Applying this definition to our asset in some examples:
  • The maximum drop from peak to valley over 5 years of Fortinet is -37.6 days, which is smaller, thus worse compared to the benchmark SPY (-33.7 days) in the same period.
  • Looking at maximum drop from peak to valley in of -37.6 days in the period of the last 3 years, we see it is relatively lower, thus worse in comparison to SPY (-33.7 days).

MaxDuration:

'The Maximum Drawdown Duration is an extension of the Maximum Drawdown. However, this metric does not explain the drawdown in dollars or percentages, rather in days, weeks, or months. It is the length of time the account was in the Max Drawdown. A Max Drawdown measures a retrenchment from when an equity curve reaches a new high. It’s the maximum an account lost during that retrenchment.
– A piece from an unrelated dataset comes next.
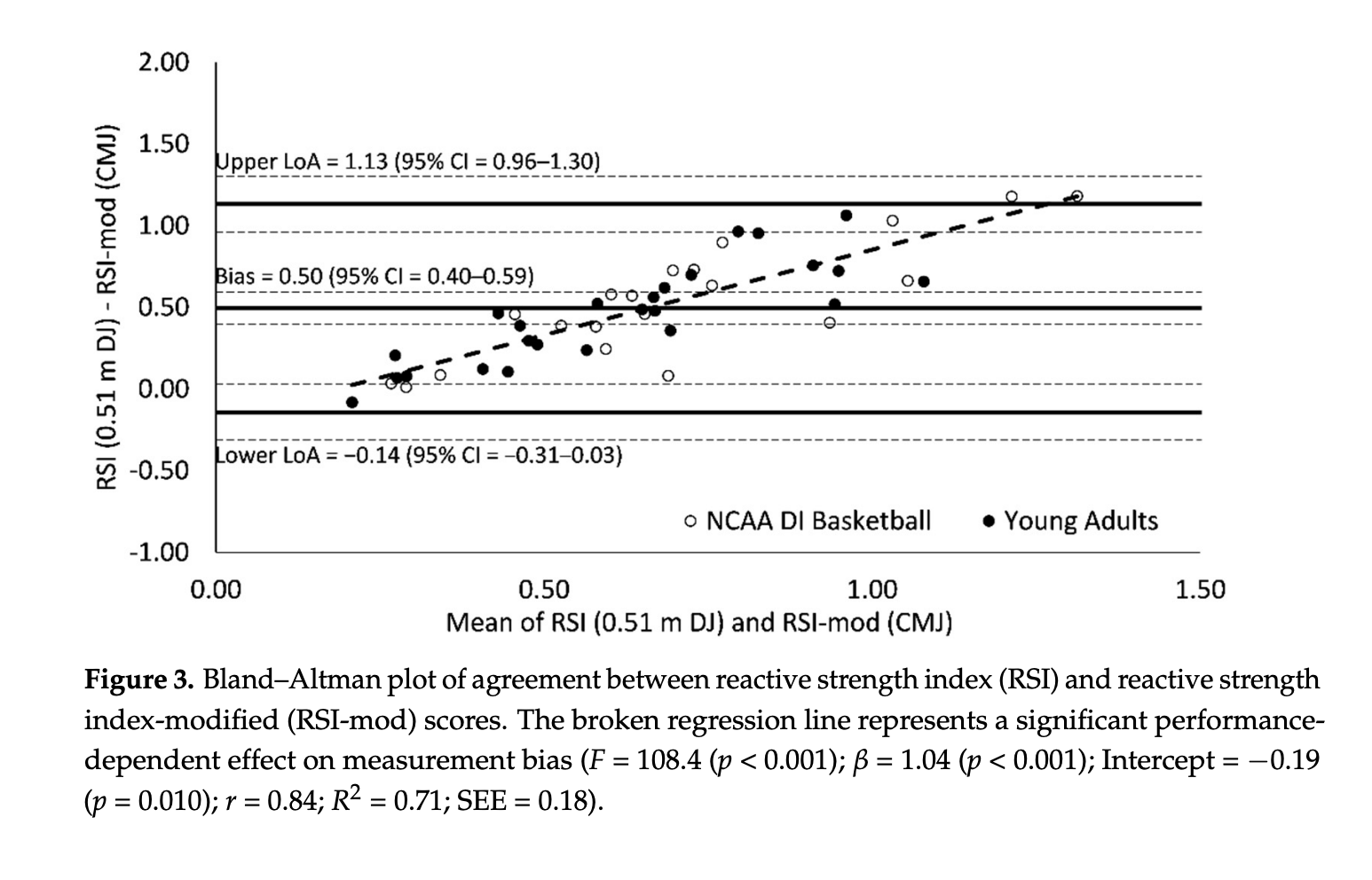 - CMJ-derived RSI-mod reflects explosive output in a slower SSC context without a discrete impact, so it behaves more like a controlled power metric than “true” reactive strength under impact.

This method is applied because a valley can’t be measured until a new high occurs. Once the new high is reached, the percentage change from the old high to the bottom of the largest trough is recorded.'

Applying this definition to our asset in some examples:
  • Compared with the benchmark SPY (150 days) in the period of the last 5 years, the maximum days below previous high of 155 days of Fortinet is higher, thus worse.
  • Compared with SPY (150 days) in the period of the last 3 years, the maximum days under water of 155 days is higher, thus worse.

AveDuration:

'The Drawdown Duration is the length of any peak to peak period, or the time between new equity highs. The Avg Drawdown Duration is the average amount of time an investment has seen between peaks (equity highs), or in other terms the average of time under water of all drawdowns. So in contrast to the Maximum duration it does not measure only one drawdown event but calculates the average of all.'

Applying this definition to our asset in some examples:
  • Compared with the benchmark SPY (41 days) in the period of the last 5 years, the average days below previous high of 41 days of Fortinet is larger, thus worse.
  • Compared with SPY (36 days) in the period of the last 3 years, the average time in days below previous high water mark of 38 days is larger, thus worse.

Performance (YTD)

Historical returns have been extended using synthetic data.

Allocations ()

Allocations

Returns (%)

  • Note that yearly returns do not equal the sum of monthly returns due to compounding.
  • Performance results of Fortinet are hypothetical, do not account for slippage, fees or taxes, and are based on backtesting, which has many inherent limitations, some of which are described in our Terms of Use.